Durante su adolescencia, la situación económica del país comenzó a empeorar cada vez más. Su padre perdió gran parte de sus clientes y su madre tuvo que tomar varios trabajos para mantener a la familia. A pesar de las dificultades, Robert logró terminar la secundaria con buenas calificaciones en una escuela técnica orientada a ciencias sociales y seguridad ciudadana. Allí destacó por su carácter tranquilo, liderazgo y facilidad para resolver conflictos entre compañeros.
Con el paso del tiempo, Robert entendió que necesitaba buscar nuevas oportunidades lejos de su país natal. Con apenas 20 años tomó la decisión más difícil de su vida: dejar Argentina y viajar hacia los Estados Unidos en busca de una mejor calidad de vida y un futuro más estable para él y su familia.
Al llegar a Los Santos, ciudad inspirada en Los Ángeles, comenzó trabajando en pequeños empleos para poder mantenerse: repartidor, ayudante de depósito e incluso conductor nocturno. Sin embargo, nunca abandonó su objetivo principal. Con mucho esfuerzo logró ingresar a la Universidad de Richman, donde estudió Derecho y años más tarde consiguió graduarse exitosamente.

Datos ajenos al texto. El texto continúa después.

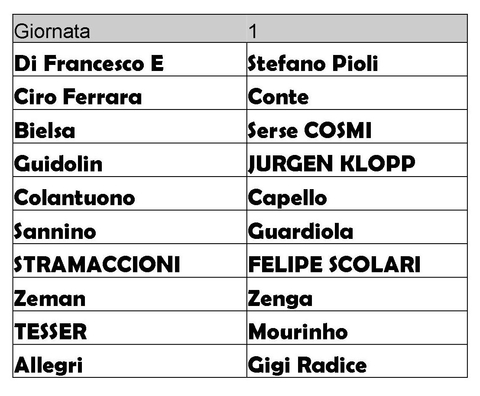 COMMENTI DELLA PRIMA GIORNATA DISPONIBILI E CLASSIFICA TOP AGGIORNATA. BUONA LETTURA
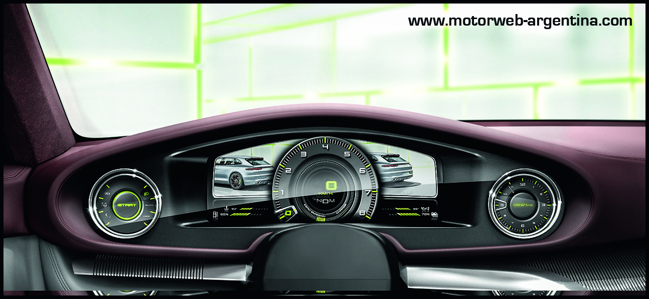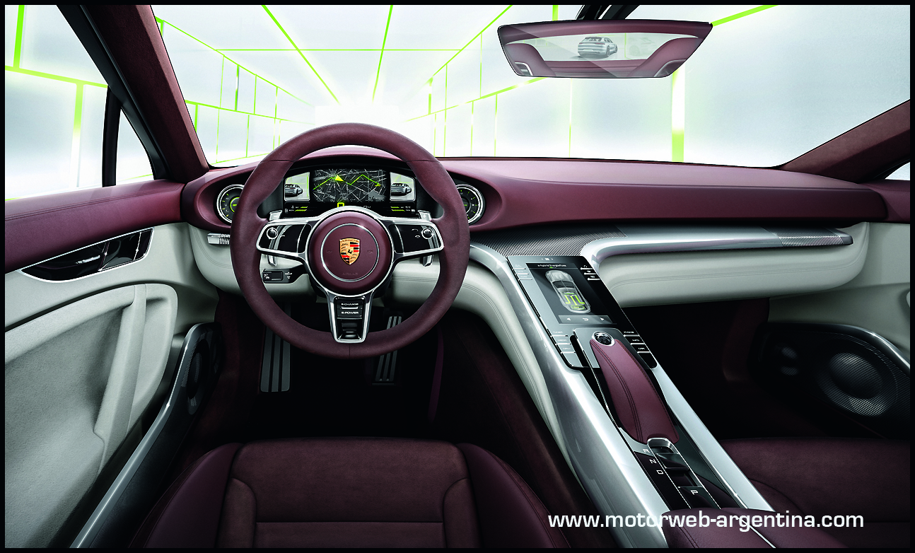 El Concept no tiene espejos retrovisores externos, y los reemplaza con dos displays a los extremos del clúster del tablero, reproduciendo allí lo que ven hacia atrás sendas cámaras externas. Todo está tenue mente iluminado en luces verde manzana, un tono elegido por Porsche para sus conceptos e-hybrid. También las pinzas de los frenos van pintadas en este mismo tono de verde, un guiño simpático hacia el espíritu «verde» de este desarrollo nuevo de Stuttgart, que mira hacia el futuro del automóvil deportivo.

Luego de recibirse, Robert pasó meses buscando empleo en distintos estudios jurídicos y empresas de la ciudad, pero las oportunidades nunca llegaron como esperaba. Fue entonces cuando vio que el Departamento de Policía de Los Santos (LSPD) tenía abiertas las postulaciones para nuevos cadetes. Recordando los valores con los que fue criado y su deseo de ayudar a la comunidad, decidió presentar su currículum e intentar formar parte de la fuerza policial. Actualmente, Robert McGregor espera con ansiedad la respuesta del departamento. Está convencido de que su historia de sacrificio, su preparación académica y su fuerte sentido de la justicia pueden convertirlo en un gran oficial para la ciudad de Los Santos.